I used to swear by HP but they've started this nasty habit of discontinuing ink cartridges after about three years, forcing you to buy a new printer because you can no longer get "original" cartridges for it.
On Windows I like Canon printers. But forget about trying to use the CD/DVD-printing Pixma series on Linux - while you can print on paper and labels just fine there is insufficient adjustment in the printer driver config files to allow proper alignment/registration when you wish to print directly on a CD/DVD, meaning you have to plug it into a Windows machine and use Canon's crappy CD Label Printer software that looks and behaves like a Windows 3.1 reject.
I'll be due for a new printer as soon as I can't get cartridges for my current HP OfficeJet.
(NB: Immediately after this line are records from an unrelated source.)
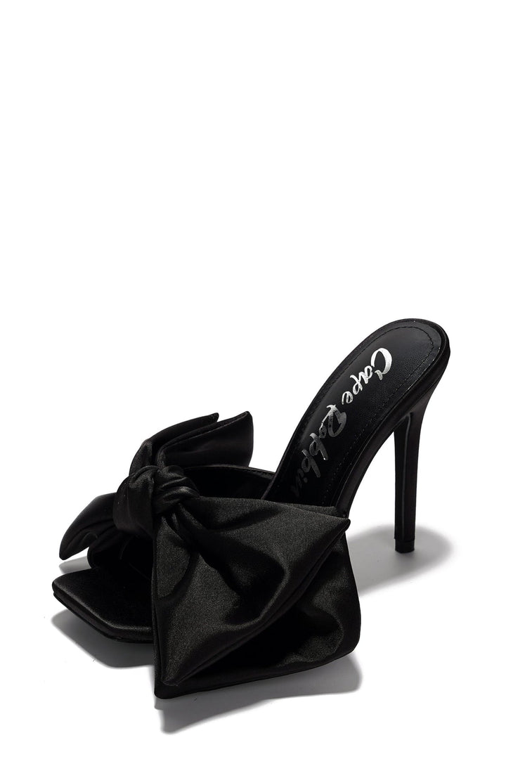 RHIANNA - BLACK - HEELS by CAPE ROBBIN Stiletto Heel: 4.25 inch Slip on Heeled Sandals PU leather insole with memory foam cushioning for added comfort Oversized bow Square toe Elevate your style with Rhianna chic high heel sandals,featuring an elegant satin or trendy denim finish,and an oversized bow detail. Perfect for parties and special occasions,these versatile stiletto heels offer comfort and sophistication.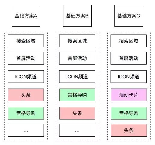 这里面有两个关键字“多版本”和“隔离”,其中“多版本”是基于业务诉求的考量和抽象,面向用户的基本实体就是页面,这些页面主要由页面布局、货品供给、素材渲染几个因素构成,而针对不同目标群体需要有所差异化的透出,所以就需要在页面级别、模块级别和坑位级别针对不同人群、地域进行多版本的搭建运营。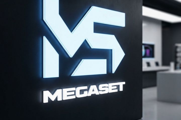 Логотип MEGASET, состоящий из букв М и S, которые созданы из геометрических форм

And this time I'm seriously considering a Samsung laser printer, or perhaps a Kyocera.
Agreed on Kyocera. Once we moved to them for the majority of our clinic's printing, we had a measured 90% decrease in printer problems. It also is a good idea to find a local printer maintenance company that specializes in Kyocera printers as I have found that when there is a problem it is generally a worn out part that is causing it. Which speaks volumes about the quality of the printers as they wear out before they break something. I have never seen them fail to the point of disabling the printer without having printed well over 10000 pages first. Our current Kyocera with the record for the most pages printed is somewhere above 1 Million pages printed.